そしてそのあと聞こえた、犬のような動物の悲鳴…。



「大丈夫か!?」



俺はその音の場所まで駆けつけ、そこにあったものを見た。


そこには、狐が倒れていたのである。


横たわった状態で、右足から血が出ている。


どうやら車に轢かれたらしい。


他の部分は、なんとか大丈夫みたいだが、嘘みたいに右足から血が噴き出していた。



「待ってろ!?今すぐ助けてやるからな!」



そういって、狐を抱き上げると、全力で駆け出し、近くの動物病院に駆け込んだ。



なんとか治療を受けて無事だとわかると、しばらく安静にして、逃がしてもらえると言っていた。


助かったのが分かった俺は、よかったな、よかったな、と、泣きながらこの狐を撫でていたのだった……。










――――――――――――――――――――










「思い出してくれた?」



「お前、あの時の狐なのか?」



「うん。

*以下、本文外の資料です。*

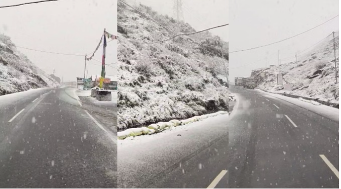 हिमाचल प्रदेश के उच्च पर्वतीय क्षेत्रों में बर्फबारी का दाैर जारी है। बर्फबारी के कारण दारचा-शिंकुला, दारचा- बारालाचा और कोकसर-लोसर सड़क वाहनों की आवाजाही के लिए बंद हो गई है। वहीं लाहौल घाटी में रात से बर्फबारी हो रही है। जबकि राजधानी शिमला सहित कुल्लू व अन्य भागों में बारिश का दौर जारी है। इससे ऊंचाई वाले क्षेत्रों में ठंडक बढ़ गई है। रोहतांग दर्रा, अटल टनल के नॉर्थ पोर्टल, दारचा, जिस्पा और सेवन सिस्टर पीक में भी ताजा बर्फबारी हुई है। बारालाचा, शिंकुला व कुंजम दर्रा समेत ऊंची चोटियां भी सफेद हो गईं हैं।माैसम विज्ञान केंद्र शिमला की ओर से प्रदेश के चार जिलों चंबा, कांगड़ा, कुल्लू और मंडी, ऊना हमीरपुर व बिलासपुर में आज 60 किलोमीटर प्रति घंटे की रफ्तार से अंधड़ चलने के साथ भारी बारिश का ऑरेंज अलर्ट जारी किया गया है। बाकि जिलों में येलो अलर्ट है। 7 अक्तूबर को कांगड़ा, मंडी, चंबा, ऊना, कुल्लू, बिलासपुर और हमीरपुर जिले में भारी बारिश का येलो अलर्ट जारी किया गया है। बर्फबारी से रविवार को लेह-मनाली हाईवे सुबह से दोपहर तक छह घंटे बंद रहा। बारालाचा और शिंकुला दर्रे पर कई वाहन फंस गए हैं।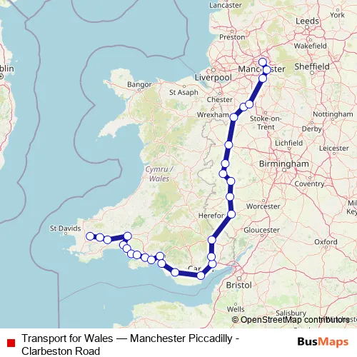 The first stop of the Transport for Wales rail route is Clarbeston Road and the last stop is Manchester Piccadilly. Transport for Wales (Manchester Piccadilly - Clarbeston Road) is operational during everyday.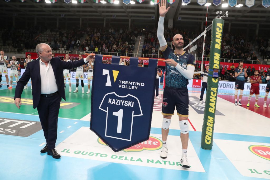 Prima del fischio d’inizio, tutto il palazzetto accoglie con una standing ovation il grande campione Matey Kaziyski, per anni bandiera dei gialloblù, con cui l’anno scorso ha vinto lo Scudetto da protagonista. E il presidente Bruno Da Re coglie l’occasione per omaggiare il numero uno, anche se ora si trova dalla parte opposta del campo, consegnandogli simbolicamente il gonfalone raffigurante la maglia numero 1 che il fuoriclasse bulgaro ha sempre indossato nelle sue 433 partite con la Trentino Volley, ufficialmente ritirata proprio oggi.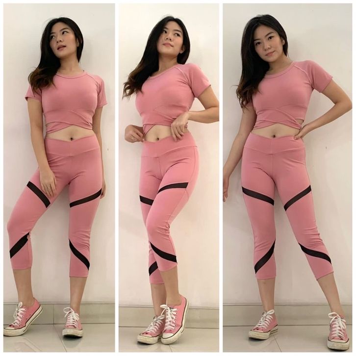 Baju Yoga Wanita Setelan senam aerobik zumba yoga gym fitness model crop silang pendek Legging kombinasi tile 7 8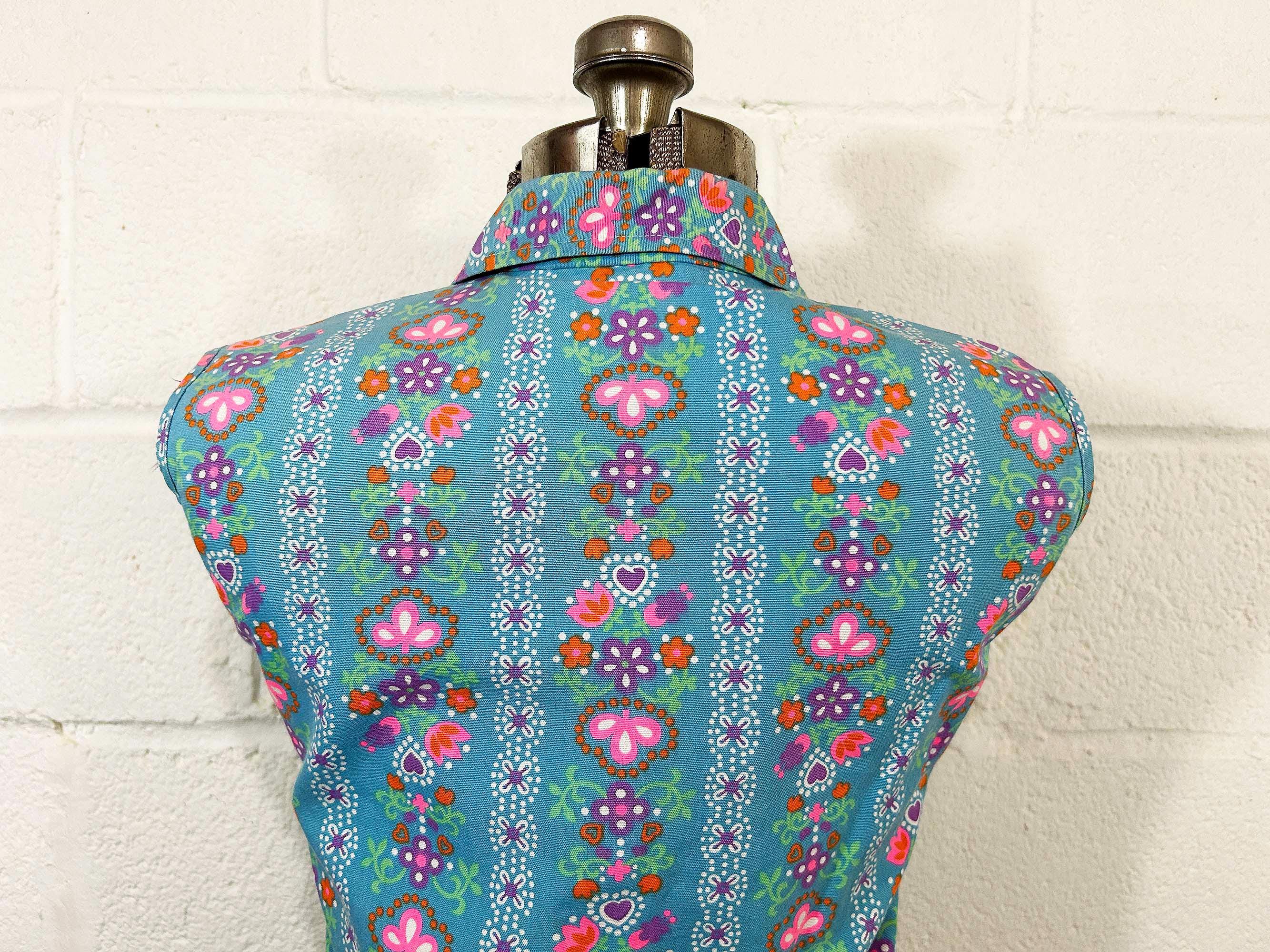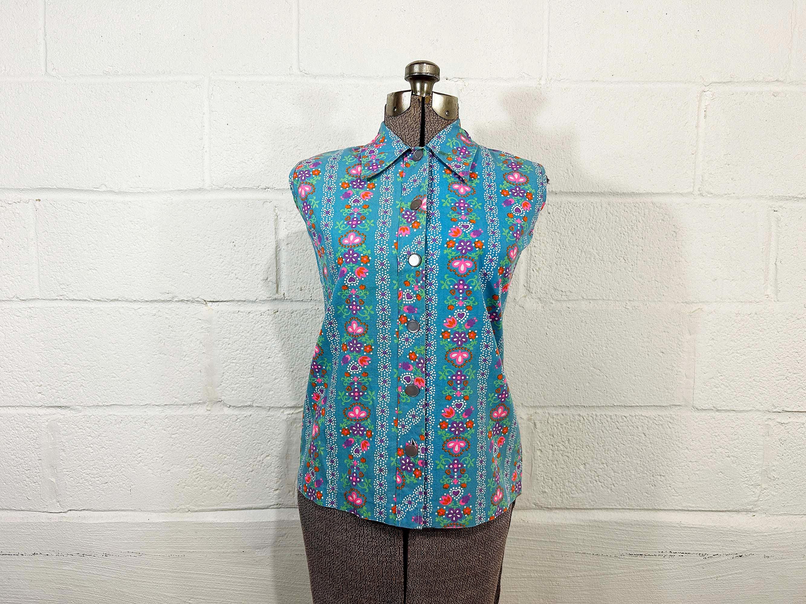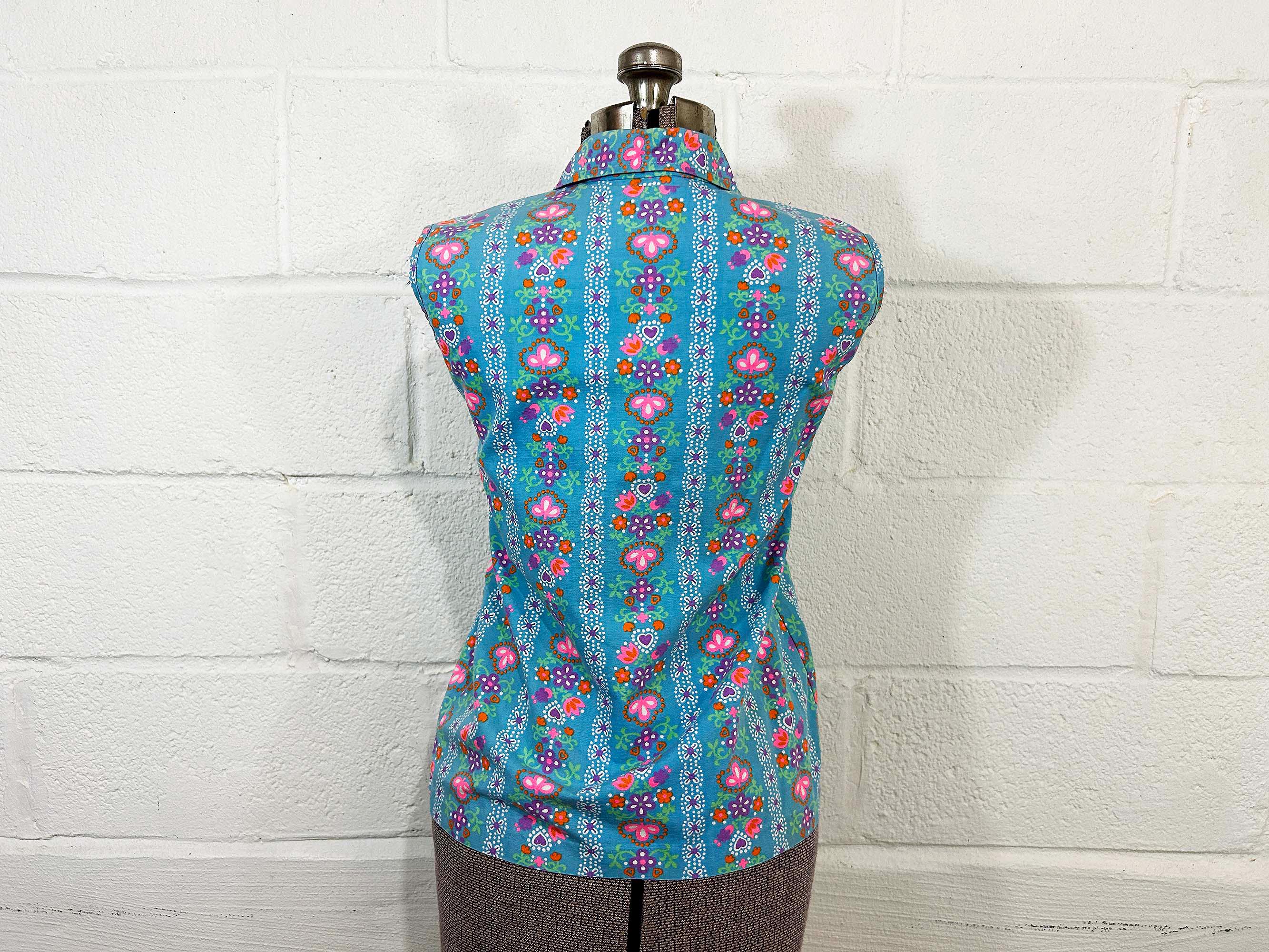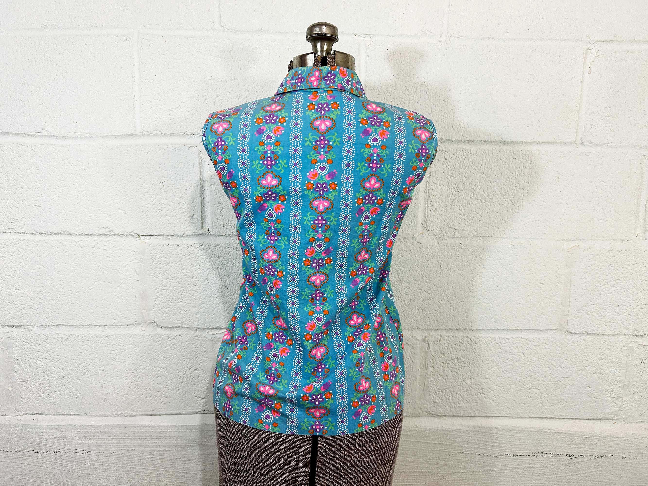 Super cute button front sleeveless collared shirt. In great condition with no significant wear. Fabric has NO stretch. Please note at the arm holes on this shirt are particularly small - about 4 1/2 inches in diameter.

思い出してくれたんだね。私、うれしいっ」



女の子の時と同じ声で、狐が声を出している。


まるで漫画みたいだった。



「あのときね、クルマってやつに轢かれて、死ぬんだって思ってた。でもね、ケイくんが助けてくれたんでしょ!?私、恩返しがしたい!!お願い、恩返しさせてよ!!」



狐の彼女が、恩返ししたいと懇願してくる。


でも……



「別にいいよ。恩返しなんて。今お礼言われただけで、すごくびっくりしてるんだから」



動物が恩を返しに人間の姿に化けて現れる。


それなんて鶴の恩返しだ。



「ううん。私がしたいって思ってるの。だからお願い!他の人間には迷惑かけないようにするから!!」



「そんなこと言われても…」



「狐だからダメなの?人間に化けた状態ならしてもいい?」



人間に化けなおす。



「でも……なんか悪いし………」



「悪くない!!私、ケイくんにずっと恩返ししたかったんだもん!!」



めちゃくちゃ強く懇願される。


このままだと、泣いてしまいそうな勢いで懇願される。


しかも、顔が近い。



「わ、分かった!!分かったよ。そのかわり人間に化けた状態でいてくれ!!家族には何とか言い訳するから!!」



「!!!やったぁ!!!」



彼女は尻尾を振る勢いで喜んでいた……。

ある年齢まで行くと、狐は化ける能力が手に入るっていう設定です。